Questão comentada de Farmácia

Avanços importantes no tratamento para o câncer de mama têm sido observado nos últimos anos, como a crescente busca na individualização da fármacoterapia. A escolha do tratamento deve estar de acordo com o estadiamento da doença, as características biológicas do tumor, e, até mesmo, o estado de saúde da paciente, levando em conta idade, comorbidades e status menopausal. O tratamento sistêmico consiste em quimioterapia, terapia biológica e hormonioterapia. Para tratamento de câncer de mama avançado ou metastático HER2 negativo com mutação no gene BRCA1/2, é indicado

Gabarito: E

No câncer de mama avançado ou metastático, a escolha do tratamento depende do perfil biológico do tumor, porque hoje não basta olhar apenas o tamanho da lesão: receptores hormonais, HER2 e mutações genéticas entram no jogo.

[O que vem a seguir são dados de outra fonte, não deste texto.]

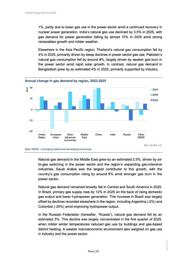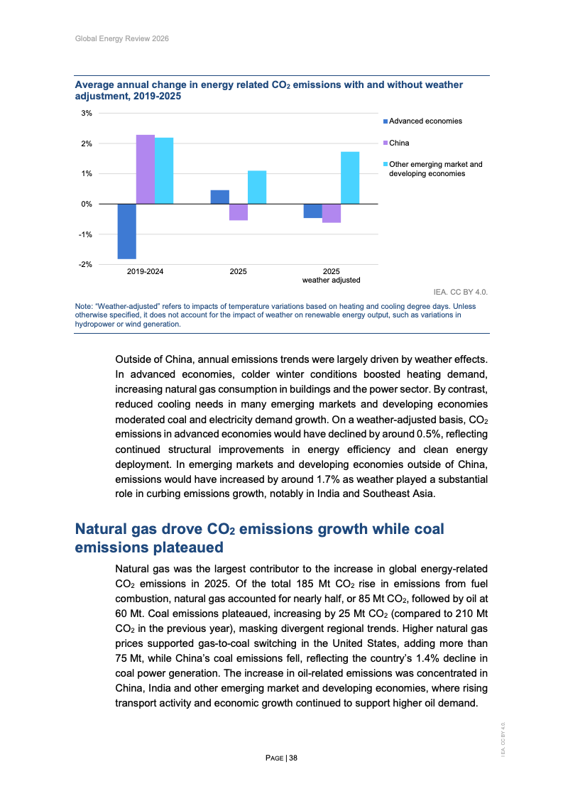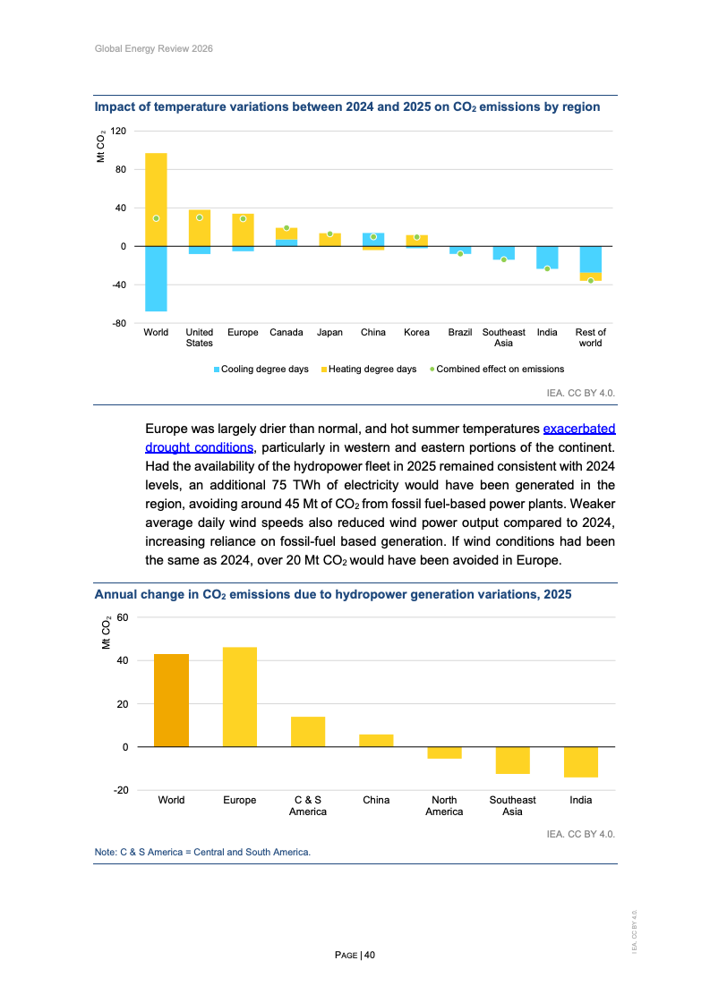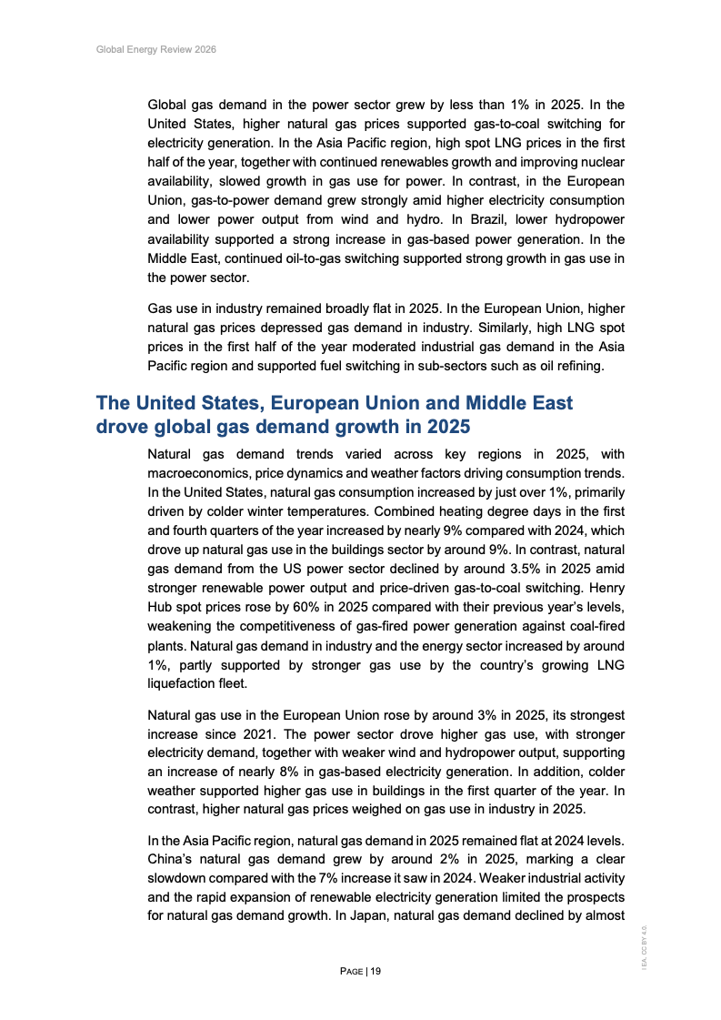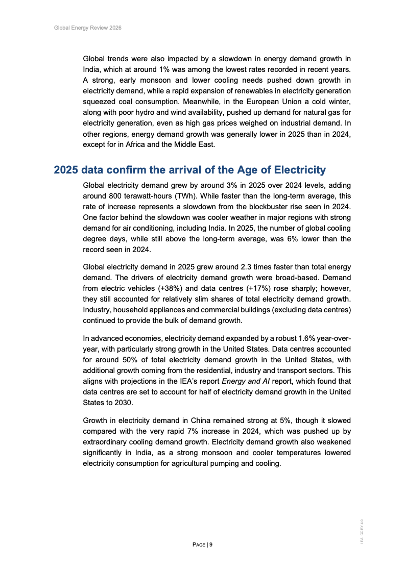 区域格局方面,全球能源需求呈现明显分化,中国仍是最大增量来源,但增速降至1.7%,显著低于此前水平,反映出可再生能源替代加速与能源强度改善;美国需求增长超过2%,创近二十年来高位之一,主要受寒冬、工业韧性及数据中心用电推动;印度需求仅增长约1%,受强季风与降温影响明显,而欧盟则因风电与水电出力不足转向天然气,显示在高比例可再生能源体系下,气候波动对能源结构的短期扰动仍然显著。

Quando o tumor é HER2 negativo e há mutação em BRCA1/2, a ideia é explorar a fragilidade da célula tumoral no reparo do DNA. É aí que entram os inibidores de PARP, como o olaparibe, que “atrapalham” ainda mais o conserto do DNA e favorecem a morte da célula cancerosa. Esse raciocínio é bem clássico na oncologia personalizada: você trata de forma mais direcionada, com base na alteração molecular que o tumor apresenta. No caso da questão, o enunciado já entrega os dois pontos-chave: doença avançada/metastática, HER2 negativo e mutação BRCA1/2. Isso aponta para terapia-alvo com olaparibe, e não para hormonioterapia ou anti-HER2. O olaparibe é um inibidor da enzima PARP, muito usado em tumores com defeito de recombinação homóloga, como os associados a mutações BRCA. Na prática, ele é indicado justamente para esse cenário de câncer de mama HER2 negativo com mutação BRCA, o que torna a alternativa E a correta. As demais opções parecem plausíveis, mas pertencem a outros contextos: trastuzumabe é anti-HER2, tamoxifeno e anastrozol são hormonioterápicos, e abemaciclibe é um inibidor de CDK4/6 usado sobretudo em doença hormônio-positiva. Aqui, a pista decisiva é a mutação BRCA com HER2 negativo, que faz o pensamento ir direto para PARP.